Using the records below, transcribe word for word the stretch from the line that contains "Koi is a fixed" through the line that contains "Fig 5. a) 基于", both end lines included, and nothing else.

* **Extracted data**
::::

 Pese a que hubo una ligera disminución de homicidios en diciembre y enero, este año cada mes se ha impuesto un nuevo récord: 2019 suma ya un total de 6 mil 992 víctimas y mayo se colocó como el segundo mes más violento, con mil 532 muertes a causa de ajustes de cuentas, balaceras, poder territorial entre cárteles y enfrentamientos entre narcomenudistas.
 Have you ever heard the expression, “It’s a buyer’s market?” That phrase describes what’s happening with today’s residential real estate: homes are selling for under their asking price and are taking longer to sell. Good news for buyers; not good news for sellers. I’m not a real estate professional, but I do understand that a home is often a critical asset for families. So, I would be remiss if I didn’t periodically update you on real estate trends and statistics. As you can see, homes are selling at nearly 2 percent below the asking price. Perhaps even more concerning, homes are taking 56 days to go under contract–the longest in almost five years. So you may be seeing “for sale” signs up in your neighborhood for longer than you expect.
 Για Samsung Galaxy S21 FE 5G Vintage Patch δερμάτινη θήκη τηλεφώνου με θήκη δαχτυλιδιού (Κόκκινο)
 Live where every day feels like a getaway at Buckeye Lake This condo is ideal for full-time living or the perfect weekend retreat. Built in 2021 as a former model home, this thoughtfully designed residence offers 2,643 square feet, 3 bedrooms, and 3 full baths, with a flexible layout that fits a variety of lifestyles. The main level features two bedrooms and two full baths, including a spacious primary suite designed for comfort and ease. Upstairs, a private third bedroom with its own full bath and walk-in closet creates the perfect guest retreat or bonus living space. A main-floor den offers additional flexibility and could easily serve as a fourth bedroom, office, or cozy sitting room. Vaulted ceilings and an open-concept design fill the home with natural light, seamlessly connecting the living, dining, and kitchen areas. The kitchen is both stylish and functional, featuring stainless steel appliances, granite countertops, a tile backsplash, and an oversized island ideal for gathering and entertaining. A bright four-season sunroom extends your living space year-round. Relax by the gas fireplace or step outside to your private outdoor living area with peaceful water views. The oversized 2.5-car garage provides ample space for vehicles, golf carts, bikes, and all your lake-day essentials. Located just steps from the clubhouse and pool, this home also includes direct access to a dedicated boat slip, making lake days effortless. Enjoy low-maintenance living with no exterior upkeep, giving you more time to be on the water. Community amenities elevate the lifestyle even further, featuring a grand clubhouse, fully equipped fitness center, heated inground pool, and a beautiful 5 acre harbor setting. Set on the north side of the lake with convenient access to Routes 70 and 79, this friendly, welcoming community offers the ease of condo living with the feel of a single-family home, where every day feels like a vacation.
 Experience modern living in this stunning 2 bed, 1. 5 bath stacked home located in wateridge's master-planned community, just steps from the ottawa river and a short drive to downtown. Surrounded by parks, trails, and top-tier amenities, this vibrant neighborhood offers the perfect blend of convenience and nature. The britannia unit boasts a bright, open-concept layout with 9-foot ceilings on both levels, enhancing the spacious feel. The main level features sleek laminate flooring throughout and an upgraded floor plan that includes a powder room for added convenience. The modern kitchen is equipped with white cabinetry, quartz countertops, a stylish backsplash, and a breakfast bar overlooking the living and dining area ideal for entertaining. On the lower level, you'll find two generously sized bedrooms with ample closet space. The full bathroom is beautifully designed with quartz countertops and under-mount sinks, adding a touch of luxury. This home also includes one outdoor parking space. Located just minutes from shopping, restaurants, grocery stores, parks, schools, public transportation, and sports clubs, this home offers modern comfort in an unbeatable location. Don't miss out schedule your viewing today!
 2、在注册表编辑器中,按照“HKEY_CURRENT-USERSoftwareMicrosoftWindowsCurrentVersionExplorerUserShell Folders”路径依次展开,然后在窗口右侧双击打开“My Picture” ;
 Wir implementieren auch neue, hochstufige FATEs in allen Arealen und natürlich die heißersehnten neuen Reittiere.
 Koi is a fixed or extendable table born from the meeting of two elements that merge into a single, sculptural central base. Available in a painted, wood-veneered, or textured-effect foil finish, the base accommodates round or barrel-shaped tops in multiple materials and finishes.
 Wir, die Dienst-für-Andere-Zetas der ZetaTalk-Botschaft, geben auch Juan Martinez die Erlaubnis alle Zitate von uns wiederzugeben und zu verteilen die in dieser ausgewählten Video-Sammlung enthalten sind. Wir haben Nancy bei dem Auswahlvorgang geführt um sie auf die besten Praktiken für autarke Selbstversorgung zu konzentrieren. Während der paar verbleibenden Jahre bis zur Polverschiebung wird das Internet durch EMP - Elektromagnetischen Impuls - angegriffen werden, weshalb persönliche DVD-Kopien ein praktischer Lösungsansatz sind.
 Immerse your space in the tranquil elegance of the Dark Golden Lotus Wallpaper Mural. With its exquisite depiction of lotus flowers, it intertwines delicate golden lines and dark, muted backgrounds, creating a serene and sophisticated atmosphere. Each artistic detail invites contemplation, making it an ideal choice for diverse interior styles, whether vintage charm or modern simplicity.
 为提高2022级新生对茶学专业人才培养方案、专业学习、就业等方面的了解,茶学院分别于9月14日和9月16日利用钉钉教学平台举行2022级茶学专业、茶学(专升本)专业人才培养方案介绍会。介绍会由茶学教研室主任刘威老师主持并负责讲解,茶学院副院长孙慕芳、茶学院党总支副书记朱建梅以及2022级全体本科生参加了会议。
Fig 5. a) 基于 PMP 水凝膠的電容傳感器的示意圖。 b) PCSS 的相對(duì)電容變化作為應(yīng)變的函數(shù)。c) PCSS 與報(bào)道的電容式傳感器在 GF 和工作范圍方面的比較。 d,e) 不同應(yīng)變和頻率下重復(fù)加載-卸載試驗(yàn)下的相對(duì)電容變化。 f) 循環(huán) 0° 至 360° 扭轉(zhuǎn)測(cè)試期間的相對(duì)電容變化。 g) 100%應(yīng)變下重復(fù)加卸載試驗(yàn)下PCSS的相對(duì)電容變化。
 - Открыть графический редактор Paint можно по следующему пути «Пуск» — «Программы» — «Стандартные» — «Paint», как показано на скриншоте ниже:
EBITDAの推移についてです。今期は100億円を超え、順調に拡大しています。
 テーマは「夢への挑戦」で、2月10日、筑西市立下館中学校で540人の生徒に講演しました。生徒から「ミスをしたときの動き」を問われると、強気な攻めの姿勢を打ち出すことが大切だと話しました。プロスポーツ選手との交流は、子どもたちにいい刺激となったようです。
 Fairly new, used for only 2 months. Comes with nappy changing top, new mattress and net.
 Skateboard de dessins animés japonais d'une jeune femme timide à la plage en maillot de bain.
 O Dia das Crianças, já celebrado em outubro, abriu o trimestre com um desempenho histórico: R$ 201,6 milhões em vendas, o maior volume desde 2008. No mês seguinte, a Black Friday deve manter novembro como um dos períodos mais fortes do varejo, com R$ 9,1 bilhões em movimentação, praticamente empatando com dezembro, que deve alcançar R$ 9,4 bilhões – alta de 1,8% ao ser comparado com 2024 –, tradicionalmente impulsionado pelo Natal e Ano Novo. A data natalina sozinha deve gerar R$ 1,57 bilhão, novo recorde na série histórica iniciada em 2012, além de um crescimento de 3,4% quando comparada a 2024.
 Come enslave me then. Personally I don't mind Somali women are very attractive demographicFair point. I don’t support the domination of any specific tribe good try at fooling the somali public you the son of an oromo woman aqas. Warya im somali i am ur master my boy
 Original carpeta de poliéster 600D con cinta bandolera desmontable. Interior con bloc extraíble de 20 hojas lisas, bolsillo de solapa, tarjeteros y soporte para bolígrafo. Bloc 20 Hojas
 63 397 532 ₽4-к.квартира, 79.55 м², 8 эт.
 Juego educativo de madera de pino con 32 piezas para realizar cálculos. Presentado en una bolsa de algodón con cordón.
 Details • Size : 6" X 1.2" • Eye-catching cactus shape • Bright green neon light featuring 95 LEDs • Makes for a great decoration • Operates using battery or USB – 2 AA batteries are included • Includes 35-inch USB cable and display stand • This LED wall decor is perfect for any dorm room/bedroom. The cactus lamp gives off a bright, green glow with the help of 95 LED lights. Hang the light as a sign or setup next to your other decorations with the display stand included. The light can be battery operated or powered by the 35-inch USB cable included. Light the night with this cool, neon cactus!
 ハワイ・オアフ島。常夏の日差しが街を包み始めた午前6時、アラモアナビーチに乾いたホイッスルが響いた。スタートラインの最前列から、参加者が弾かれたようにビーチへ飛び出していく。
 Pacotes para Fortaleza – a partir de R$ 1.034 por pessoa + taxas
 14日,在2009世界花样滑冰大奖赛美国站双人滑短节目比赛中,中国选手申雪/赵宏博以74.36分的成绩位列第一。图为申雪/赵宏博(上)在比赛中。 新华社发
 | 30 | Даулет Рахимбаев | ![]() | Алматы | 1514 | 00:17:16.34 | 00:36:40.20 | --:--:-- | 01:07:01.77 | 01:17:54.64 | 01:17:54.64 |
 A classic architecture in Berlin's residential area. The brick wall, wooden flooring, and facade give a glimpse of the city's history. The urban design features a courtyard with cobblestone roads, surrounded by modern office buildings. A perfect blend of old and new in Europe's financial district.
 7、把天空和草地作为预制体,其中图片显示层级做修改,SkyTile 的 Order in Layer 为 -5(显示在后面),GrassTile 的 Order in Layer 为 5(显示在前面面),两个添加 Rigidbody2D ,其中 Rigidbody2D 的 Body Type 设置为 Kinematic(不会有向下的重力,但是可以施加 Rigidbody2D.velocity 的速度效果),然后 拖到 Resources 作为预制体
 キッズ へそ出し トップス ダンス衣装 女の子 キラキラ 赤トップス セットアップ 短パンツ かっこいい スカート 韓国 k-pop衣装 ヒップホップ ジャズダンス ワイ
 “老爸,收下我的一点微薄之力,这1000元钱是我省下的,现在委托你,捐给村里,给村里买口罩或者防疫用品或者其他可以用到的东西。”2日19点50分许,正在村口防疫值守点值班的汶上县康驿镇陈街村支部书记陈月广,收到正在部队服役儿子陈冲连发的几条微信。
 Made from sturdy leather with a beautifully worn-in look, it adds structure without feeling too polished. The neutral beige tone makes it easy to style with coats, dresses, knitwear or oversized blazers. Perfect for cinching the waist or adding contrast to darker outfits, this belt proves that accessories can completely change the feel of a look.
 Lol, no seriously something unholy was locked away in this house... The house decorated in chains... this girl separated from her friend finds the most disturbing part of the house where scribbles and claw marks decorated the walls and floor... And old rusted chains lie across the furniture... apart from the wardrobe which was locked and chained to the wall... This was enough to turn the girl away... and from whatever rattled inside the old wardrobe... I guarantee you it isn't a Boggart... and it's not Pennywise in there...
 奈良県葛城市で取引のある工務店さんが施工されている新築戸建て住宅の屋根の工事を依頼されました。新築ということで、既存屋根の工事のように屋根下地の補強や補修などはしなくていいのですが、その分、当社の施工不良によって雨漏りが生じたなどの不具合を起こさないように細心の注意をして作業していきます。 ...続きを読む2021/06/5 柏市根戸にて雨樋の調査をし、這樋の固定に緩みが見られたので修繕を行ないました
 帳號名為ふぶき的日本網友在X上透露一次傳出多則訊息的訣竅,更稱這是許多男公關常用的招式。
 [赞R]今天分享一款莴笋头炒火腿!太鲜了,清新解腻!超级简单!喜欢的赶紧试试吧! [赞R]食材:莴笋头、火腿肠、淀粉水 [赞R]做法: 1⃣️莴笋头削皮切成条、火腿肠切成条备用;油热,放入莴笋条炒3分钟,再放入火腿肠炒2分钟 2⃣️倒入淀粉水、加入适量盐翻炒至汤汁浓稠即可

::::

* **Response area**
 Koi is a fixed or extendable table born from the meeting of two elements that merge into a single, sculptural central base. Available in a painted, wood-veneered, or textured-effect foil finish, the base accommodates round or barrel-shaped tops in multiple materials and finishes.
 Wir, die Dienst-für-Andere-Zetas der ZetaTalk-Botschaft, geben auch Juan Martinez die Erlaubnis alle Zitate von uns wiederzugeben und zu verteilen die in dieser ausgewählten Video-Sammlung enthalten sind. Wir haben Nancy bei dem Auswahlvorgang geführt um sie auf die besten Praktiken für autarke Selbstversorgung zu konzentrieren. Während der paar verbleibenden Jahre bis zur Polverschiebung wird das Internet durch EMP - Elektromagnetischen Impuls - angegriffen werden, weshalb persönliche DVD-Kopien ein praktischer Lösungsansatz sind.
 Immerse your space in the tranquil elegance of the Dark Golden Lotus Wallpaper Mural. With its exquisite depiction of lotus flowers, it intertwines delicate golden lines and dark, muted backgrounds, creating a serene and sophisticated atmosphere. Each artistic detail invites contemplation, making it an ideal choice for diverse interior styles, whether vintage charm or modern simplicity.
 为提高2022级新生对茶学专业人才培养方案、专业学习、就业等方面的了解,茶学院分别于9月14日和9月16日利用钉钉教学平台举行2022级茶学专业、茶学(专升本)专业人才培养方案介绍会。介绍会由茶学教研室主任刘威老师主持并负责讲解,茶学院副院长孙慕芳、茶学院党总支副书记朱建梅以及2022级全体本科生参加了会议。
Fig 5. a) 基于 PMP 水凝膠的電容傳感器的示意圖。 b) PCSS 的相對(duì)電容變化作為應(yīng)變的函數(shù)。c) PCSS 與報(bào)道的電容式傳感器在 GF 和工作范圍方面的比較。 d,e) 不同應(yīng)變和頻率下重復(fù)加載-卸載試驗(yàn)下的相對(duì)電容變化。 f) 循環(huán) 0° 至 360° 扭轉(zhuǎn)測(cè)試期間的相對(duì)電容變化。 g) 100%應(yīng)變下重復(fù)加卸載試驗(yàn)下PCSS的相對(duì)電容變化。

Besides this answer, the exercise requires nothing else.